[What to do]
When you reach the line containing "Dr. Natalie Manning", begin reproducing the material exactly, stop after the line containing "昨天两场平局,南京淮安扬州泰", and leave out any pictures along the way.

[Given records]

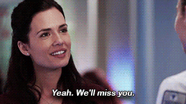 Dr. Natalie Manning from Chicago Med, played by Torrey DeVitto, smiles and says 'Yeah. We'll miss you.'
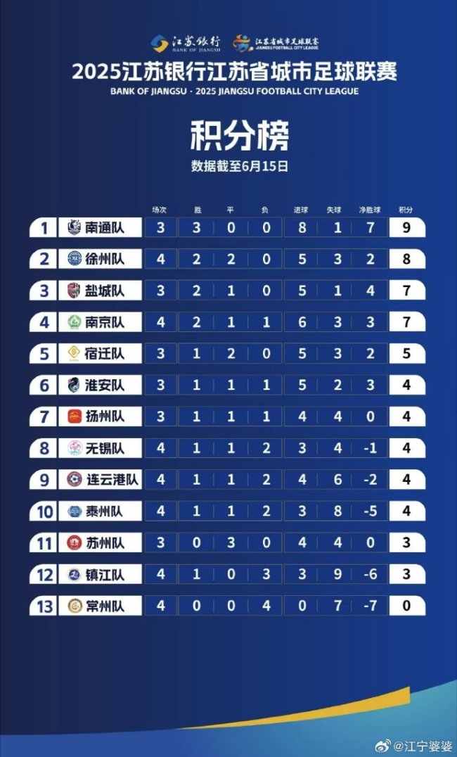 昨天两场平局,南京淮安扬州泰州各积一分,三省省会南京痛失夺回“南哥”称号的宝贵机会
...
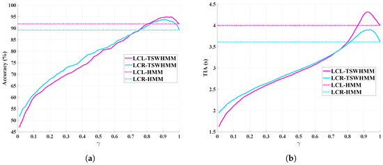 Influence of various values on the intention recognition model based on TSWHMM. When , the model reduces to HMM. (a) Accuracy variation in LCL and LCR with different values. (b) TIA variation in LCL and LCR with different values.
--
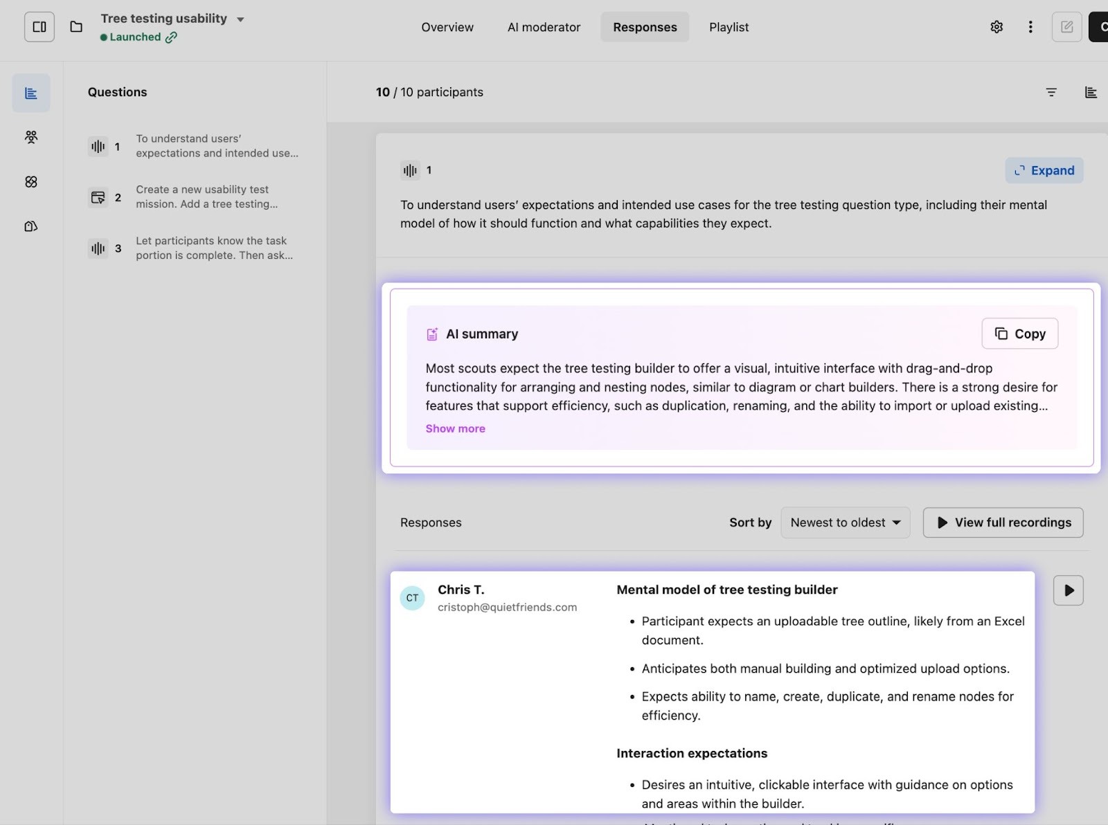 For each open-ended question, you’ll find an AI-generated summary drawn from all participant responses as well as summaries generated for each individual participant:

[Task result]
 Dr. Natalie Manning from Chicago Med, played by Torrey DeVitto, smiles and says 'Yeah. We'll miss you.'
 昨天两场平局,南京淮安扬州泰州各积一分,三省省会南京痛失夺回“南哥”称号的宝贵机会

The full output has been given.